A lire dans Le Point daté du 19 novembre, une interview de Jacques Alain Miller sur le rapport de notre Président au réel, à méditer par tous les patrons, les managers en situation de décsion :
"Il (Sarkozy) dit au milieu des ouvriers : "Gandrange est sauvé" comme les rois guérissaient les écrouelles en les touchant et rien ne se passe. Si la réalité est bonne fille, sa plasticité n'est pas infinie : elle ne se laisse faire que ce qui lui plaît... Il est en train d'apprendre à ses dépens que, dans l'existence, il n'y a pas que la réalité et le rêve, il y a du réel."
"Le réel c'est l'impossible, disait Lacan. Nicolas Sarkozy a un sens aigu du possible, c'est un inventeur de formes nouvelles..., un briseur de codes et de tabous.. Mais il lui manque le sens de l'impossible. Le réel fait barrage.

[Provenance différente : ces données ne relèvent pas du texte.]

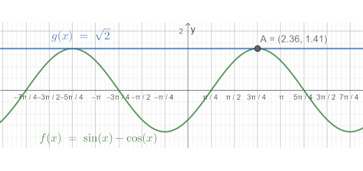 Determine o conjunto solução da equação $\operatorname{sen} \alpha – \cos \alpha = \sqrt 2 $.

On ne peut pas le changer. Plus on est volontaire, plus on le met à nu. A ce moment là on a le choix. Ou on se fracasse dessus : échec grandiose. Ou on cherche la meilleure façon de faire avec."
... "D'abord, il essaie de prendre de court le réel. Donc, il multiplie les pointes de vitesse, fait de la surenchère, bâcle ses initiatives, s'embrouille..."
" Ensuite le réel il le dénude, il refuse de payer l'impôt hypocrisie que réclame la société, elle s'indigne... Au nom de toute vérité est bonne à dire, il piétine les usages juridiques..."
" Tout se passe comme s'il croyait que dire la vérité sur le réel permet de shooter dedans comme dans un ballon et de l'évacuer vite fait, bien fait..."
A chacun de réfléchir sur son attitude face à l'action et aux résistances, aux blocages qu'elle suscite...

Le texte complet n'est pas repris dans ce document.